Poisson fit curve over histogram plot

March 14, 2022

I ‘d like to fit my empirical data to a poisson distribution curve.

I have the mean given value, say 2.3, and data (empirical).

def fit_poisson(data=None,network=None,mu=2.3):
    sns.set_theme()
    fig, ax = plt.subplots(1, 1)

    x = np.arange(poisson.ppf(0.01, mu),
                  poisson.ppf(0.99, mu))
    
    sns.histplot(data, stat='density')
    
    plt.plot(x, poisson.pmf(x, mu))

It plots:

Apparently, there’s is a range issue in y, here. Maybe a problem with lambda? How do I properly fit my empirical histogram to a poisson distribution curve of same mean?

>Solution :

Poisson random variables are discrete: their y value is "probability" not "density". But the default behavior of histplot avoids guessing that you have discrete data, and it is choosing bins with binwidth < 1 in this case.

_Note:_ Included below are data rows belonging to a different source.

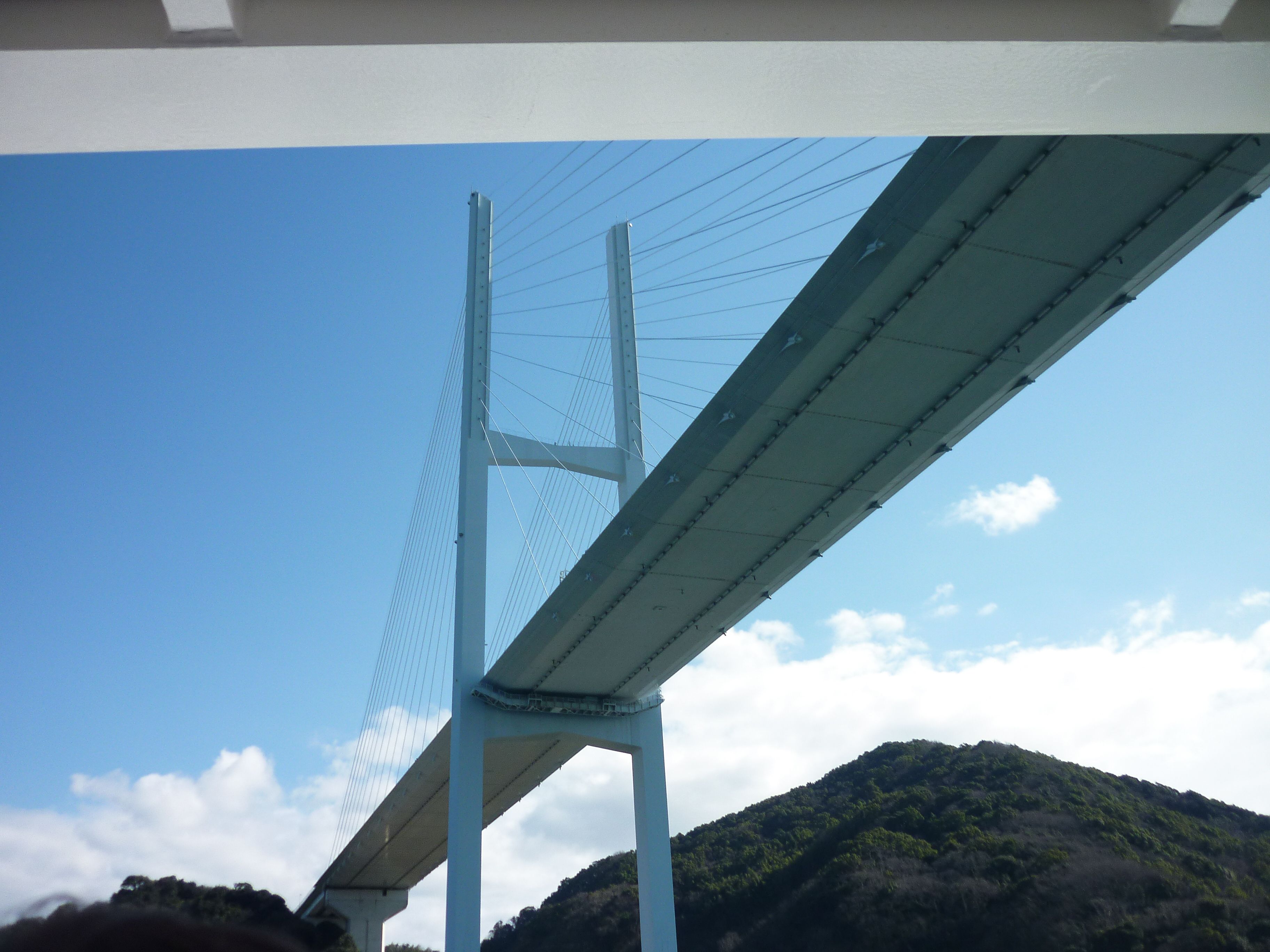 水面から非常に高い場所を人や車が通行する斜張橋の形式で、世界最大級の客船も通過できるようになっている。
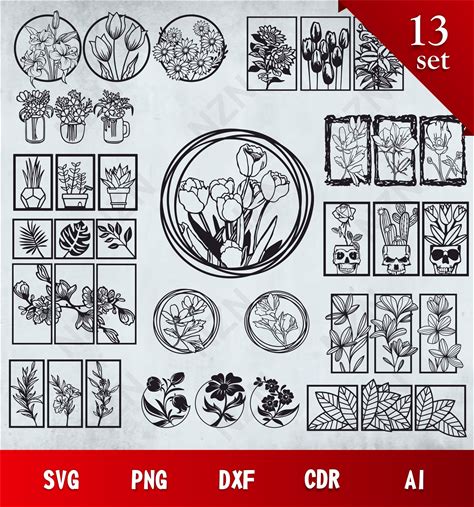 Flower SVG Bundle, Vector Files, .Png, .Svg, .Dxf, .Cdr, .Ai, Ready To Print, Cactus, Flowers Silhouette, INSTANT DOWNLOAD, Cut File
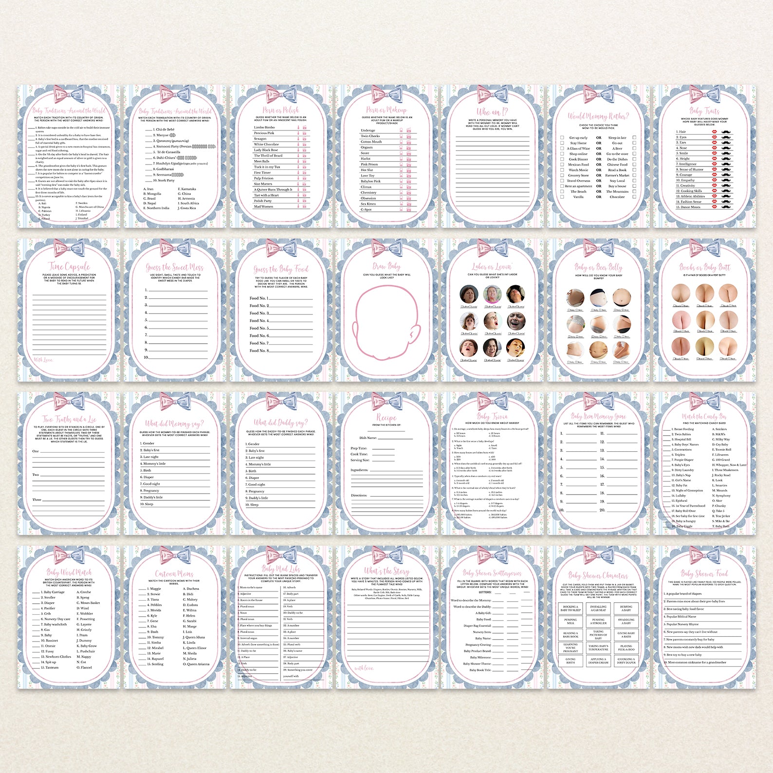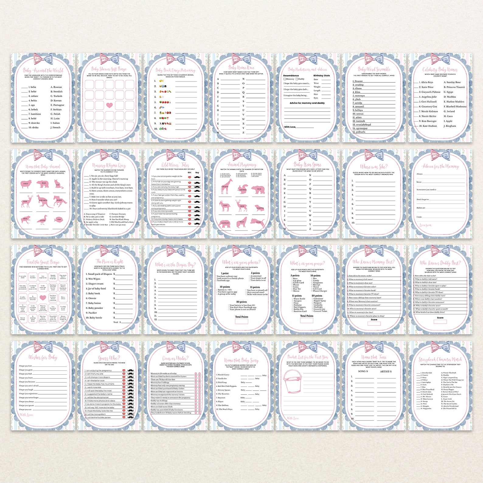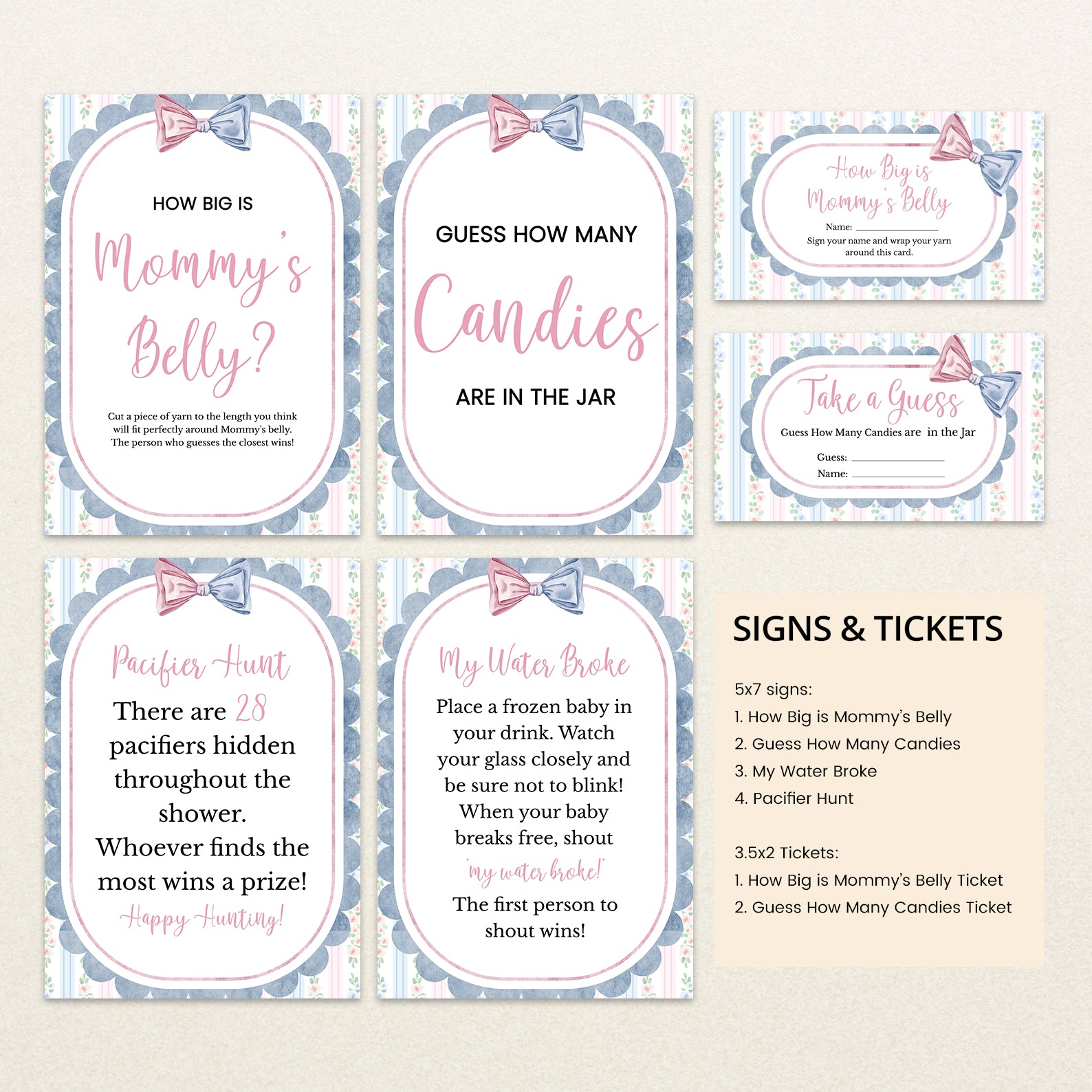 Celebrate the upcoming arrival of your little one with our charming Baby Shower Game Bundle! Featuring a delightful flower pattern and a soft blue pastel scalloped frame, this elegant set brings a sweet and stylish touch to your celebration. Adorned with playful pink and blue ribbons, it’s perfect for a gender-neutral or gender reveal theme. This bundle includes 60 editable baby shower games, making it easy to personalize and entertain your guests. Add fun, flair, and a cohesive design to your special day with this beautifully coordinated set!

Because density normalization forces the area of all bars to sum to 1, that means the density value for the bar containing observations of a certain value will be greater than the probability mass on that value.

There are two relevant parameters here:

stat="probability" will make the heights of the bars sum to 1, so they will match the PMF (assuming binwidth < 2, so that only one unique value appears in each bar)
discrete=True, which sets binwidth=1 (and aligns the center of each bar with integral values)

sns.histplot(data, stat=’probability’, discrete=True, shrink=.8)

I’ve also added shrink=0.8, which draws the bars a bit narrower than the binwidth; this helps emphasize the discrete nature of the data.

(Note that with discrete=True (implying binwidth=1), density and probability normalization will do the same thing so that’s actually all you need, but Probability is the right y axis label to use here).